С тех пор Ваня торговал с барышом. Открыл свою лавку. Приказчика к себе взял. Дело идёт. Стал он богатый. Пришло время — женился. Жену себе взял красивую и хорошую. Живут с женой одним несчастливые — очень бы они рады были ребёнку, но только пять — шесть лет живут, а жена не родит. Нет у них детей. Наследников нет.
И ещё купец очень хотел старику долг отдать — триста рублей. Искал старика, нигде его не найдёт и нигде не увидит. И говорит: «Всё равно я ему долг отдам. Сделаю хорошее дело, он услышит и придёт. И я ему долг отдам».

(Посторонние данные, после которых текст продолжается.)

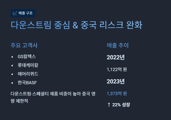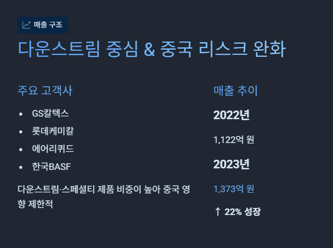 고객 매출 구조 — 다운스트림 중심 + 중국 리스크 완화
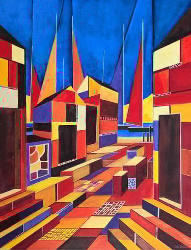 Cabanes et cubes - Acrylique
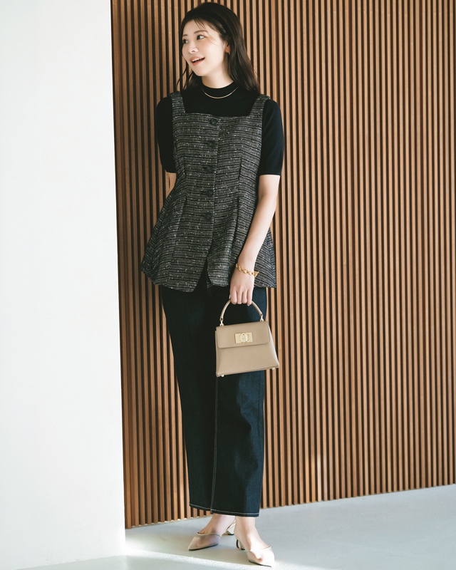 ジレ¥19,800(カデュネ) ニット¥19,800(ツル バイ マリコ オイカワ) デニムパンツ¥39,600(ファイブフォックス カスタマーサービス〈K.T キヨコ タカセ〉) バッグ¥71,500(フルラ ジャパン〈FURLA〉) 靴¥53,900(フィルム〈コルコバード〉) カチューシャ¥19,800(ACCA GINZASIX STORE〈ACCA〉) ピアス[片耳]¥63,800・ネックレス¥143,000(スタージュエリー表参道ヒルズ店〈スタージュエリー〉) ブレスレット¥3,850(サンポークリエイト〈アネモネ〉)
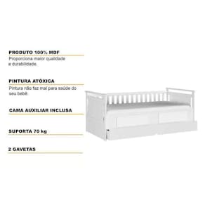 Cama Solteiro de Babá Maria c/ 2 Gavetas e Auxiliar Branco/Amendoa - Peroba
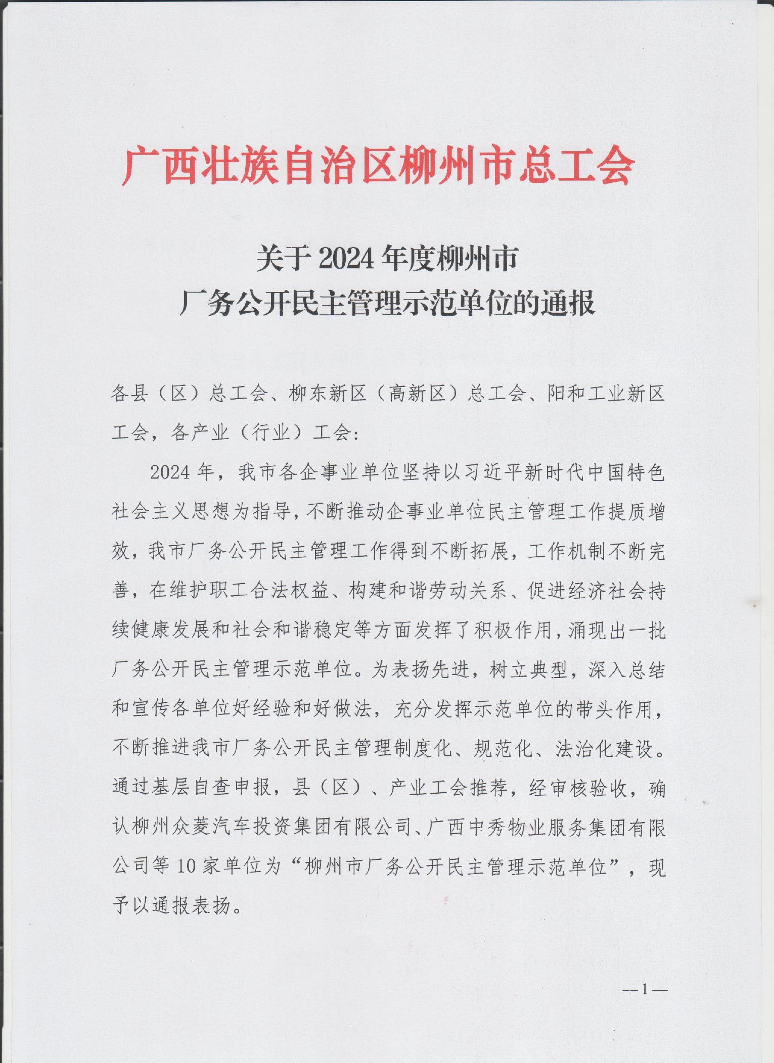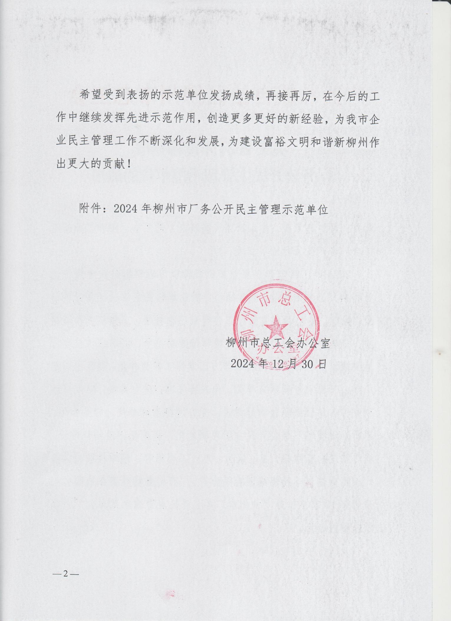 关于2024年度柳州市厂务公开民主管理示范单位的通报

Сделал такое дело: построил хороший мост через речку, чтобы все люди ходили и за перевоз не платили. И ещё он открыл постоялый двор, нанял двух мужиков навоз убирать, и кухарку нанял. Приходи и приезжай, кто хочешь, ночуй, обедай, и все бесплатно. Для народу сделал такое дело. И все приходят и приезжают, кухарка их покормит, спать на койках положит.
Прошло сколько времени, зовёт Иван своего приказчика:
— Матвей Иванович, надень другую одёжу, как прохожий какой, иди на постоялый двор и попросись ночевать. Проверяй, как там обращаются, хорошо или нет.
Приказчик надел такой зипунчик. Идёт на постоялый двор. На дворе мужики навоз убирают. Спросил мужиков:
— Можно здесь отдохнуть?
— Можно, отчего нельзя? Иди в избу.
Пришёл в избу. Кухарка встречает:
— Садись, поешь. Он поел. Глядит, кто есть в избе. Никого нет, только один странник. Приказчик кухарке говорит:
— Что народу мало?
— Все уже уехали.
— А ночевать у вас можно?
— Можно. Ложись на койку.
— Сколько платить надо?
— Ничего не надо. У нас всё бесплатно.
— Почему так?
— Так хозяин сделал. Кто хочешь приходи и никакой платы. Он одному человеку должен триста рублей, а где его искать, не знает. Вот тот человек услышит, какой у нас постоялый двор и придёт. А если не придёт, то всё равно он отдаст долг — на доброе дело. Странник услышал это и говорит:
— Того человека он больше не увидит. А за добрые дела ему счастье будет.
Так оно и вышло. Пришло время, родила жена Ивана сына, хорошего мальчика, кудрявого, румяного, с черными бровями, с серыми глазами, с алыми губами. Вот какое им было счастье за добрые дела.
Записано от Ф. З. Балаева, 1945 г.
БОГАТЫЙ И БЕДНЫЙ
Один брат был богатый, другой брат бедный. Бедный к богатому каждый день молотить ходил. Он целый день молотит, а богатый брат его за это обедом кормит, больше ничего не платил за работу. Один раз обедают, и богатый бедного спрашивает:
— Скажи, брат, как ты своих детей кормишь? Детей у тебя много, им хлеба надо. Сам ты у меня обедаешь, кормишься. А дети как?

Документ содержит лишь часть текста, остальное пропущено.